2013-03-25 23:59:59 | 詩集
岡井隆『岡井隆詩集』(現代詩文庫200 )(思潮社、2013年03月01日発行)

 「死について」は『かぎられた詩のための四十四の機会詩』に収録されている。巻頭の作品である。

死の瀬の磯(そ)の洲(す)との差 と言つて遊ぶ
死つてまがることなんだと声高に宣言して遊ぶ
曲がり切らないうちに向こうから来る と言つて遊ぶ
死を束ね/てゐる黄金(こがね)の/帯がある と作つては遊び
逝くことだといふ嘘を青空を喪ふことと言ひかへて遊ぶ

 少し前に、私はことばを読んでいて「音」が聞こえないと理解できないと書いた。
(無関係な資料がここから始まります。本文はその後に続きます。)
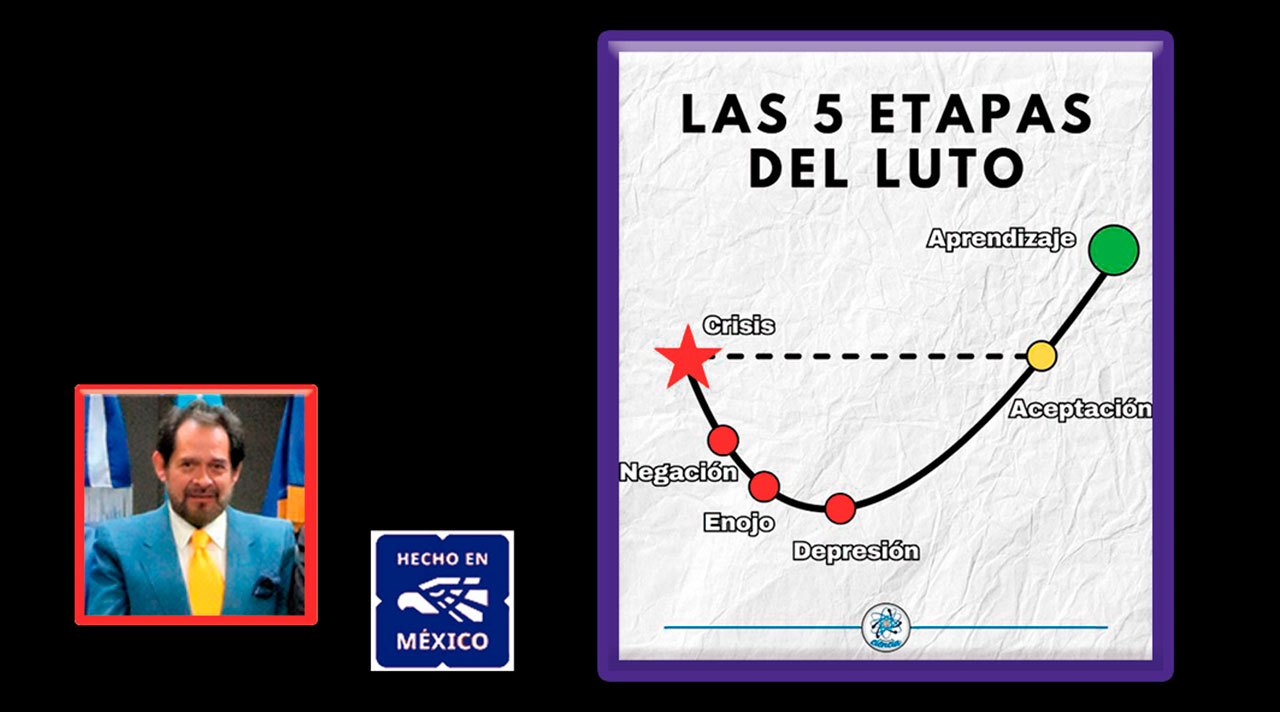NOTA: la etapa de luto donde se encuentra la oposición, no rebasa el punto de la Depresión, se regresa al Enojo, Negación y Crisis. Así viaja en ese péndulo todo el tiempo. Quizás, una parte del sector empresarial haya avanzado al punto de la “Aceptación” con presión para regresar o avanzar a los otros puntos. No aprenden que no aprenden.

それは逆に言うと「音」が聞こえると何かわかったと勘違いするということになるかもしれない。
 たとえば、この詩の1行目。「さ・し・す・せ・そ」ということばが響いている。その「音」ははっきり聞こえる。そし、その「音」を聞いているとき、無意識の内に「肉体」を動かして発音しているとき、私は「意味」を忘れている。追いかけてくる「意味」をふりきって、「音」が走りだすのを感じている。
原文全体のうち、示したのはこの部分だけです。